# Getting Fleesed



## Guest

If one is concerned about being fleesed, because they live in Thailand, or wherever for that matter of fact. Check out your history and you will find that you have been fleesed from the day you started making and spending money. We have all paid over the odds (assunptive observation) sometime, or another. Houses are a classic example, and we are the fleesers that drive up the prices. At least in developing nations you get value for the money you pay over the counter. We all pay, one way, or another, unless you are a stingy ******.....so the moral of me issue is.....be a miserable tight git counting your dosh, or circulate the coin. To all you people
coming to the land of smiles a few words of wisdom, which was passed onto me yesterday. Whatever you do, just do it by heart (Buddhist Teaching).

Martin


----------



## oddball

*coming to thailand*



SOMETIMESITHINK said:


> If one is concerned about being fleesed, because they live in Thailand, or wherever for that matter of fact. Check out your history and you will find that you have been fleesed from the day you started making and spending money. We have all paid over the odds (assunptive observation) sometime, or another. Houses are a classic example, and we are the fleesers that drive up the prices. At least in developing nations you get value for the money you pay over the counter. We all pay, one way, or another, unless you are a stingy ******.....so the moral of me issue is.....be a miserable tight git counting your dosh, or circulate the coin. To all you people
> coming to the land of smiles a few words of wisdom, which was passed onto me yesterday. Whatever you do, just do it by heart (Buddhist Teaching).
> 
> Martin


 That Buddist teaching is a fairly recent addition in MHO , the chief monk was sat down by the river one cool and rain laden day , pondering on what to do about all of the fithy rich Farang visiting Amazing Thailand at that time . It was not as easy a problem as he had first contemplated , after all were they not always complaining about the wayward ways of his beloved home-land , what realy needed changing and how all could be so easily changed . After quite some time , looking up to Buddha , it hit him like a tonne(metric) of bricks , go straight to the heart , get all the working ladies to convince them they were not , in fact , after thier money , they were only disciples of Dhama , open your hearts (ATM card) and spend the money in the villages where the poor people of Thailand live . Not wishing them to feel or see the facts of real poverty , they had been given a vision , to become the provisionary providers of much needed assistance , so darling , ALL your money will go to a good cause , your heart felt pain will magically disperse , the more you provide , the faster the relief will be felt . 
The chief monk arose from his crossed legged posture , patted himself on the back for his magnificent mental machinations , pulled out his electronic note pad and started writing , 'Dearly beloved monks , once again your excellency has found a way to increase our income by way of making merrit by the stupid , uneducated masses , etc , etc , etc .
You were saying ??? Colin


----------



## KhwaamLap

*Fleeced (erm, that's with a 'c')*

Erm, making merit is certainly not a new teaching - its actually very old (older than Buddhism in fact). It is part of Karma, which existed in earlier Indian religions. Its an attempt to 'balance' ones Karma, make merit to make up for the bad that we do - perhaps like dropping a coin in the collection box in a Christian church - or maybe even confession, swapping prayers for sins (which is more confusing to me than fining ourselves and doing some good with that fine, for our faux pas?).

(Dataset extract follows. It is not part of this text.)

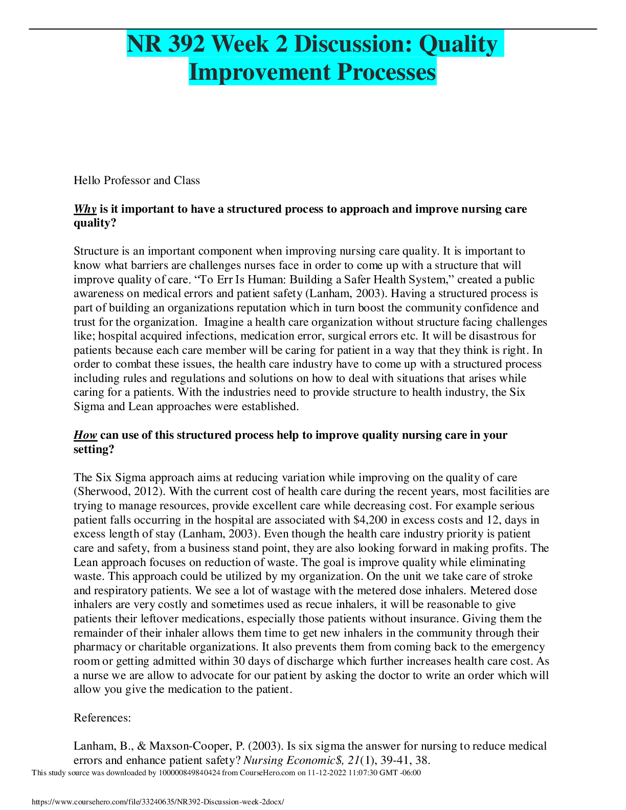 *NURSING > DISCUSSION POST > NR 392 Week 2 Discussion: Quality Improvement Processes(GRADED)

I think you get more 'fleeced' in the UK, where everything is more expensive - petrol (one of the most expensive in the world!), DVDs, CDs, cars, electronic goods, food, you name it, its more expensive in the UK than in the USA or Europe (including things that are made in the UK!). At least in Thailand, bartering is still acceptable (and you are not made to feel ashamed and defiled for attempting it) and indeed is even expected.

Also, senior Monks will be called something akin to father (long por) not excellency, that kind of pride is left for the Christians.

"Whatever you do, just do it by heart" - I guess this is within the sentiment of "follow your conscience" - I would suggest this about following the middle way, rather than allowing yourself to be ripped off. Buddhism teaches impermanence, the cost to your karma for the pride (loss of face) that you were diddled or the bad thoughts (improper thoughts and feelings) you harbour towards the perpetrator, is always more important than financial/material loss, it will be lost anyway at some point (you can't take it with you when you die). 

A true Buddhist would never 'fleece' you anyway, if s/he did, then it's their karma that takes a bashing, putting a dent in yours too serves no purpose and is unlikely to get your money/goodies back.


----------



## Guest

Hi Colin

You got a good black sence of humour. Have to admit I was laughing. Long live free speech/
Martin


----------



## Guest

KwaamLap

Copy what you are saying and do read writings on the Buddha Faith. Have to admit it is the only faith that I feel comfortable with, which for me is saying alot. I like to make prayer with my wife. It does not cause anyone harm. A simple gesture of goodwill without thought.........

Martin


----------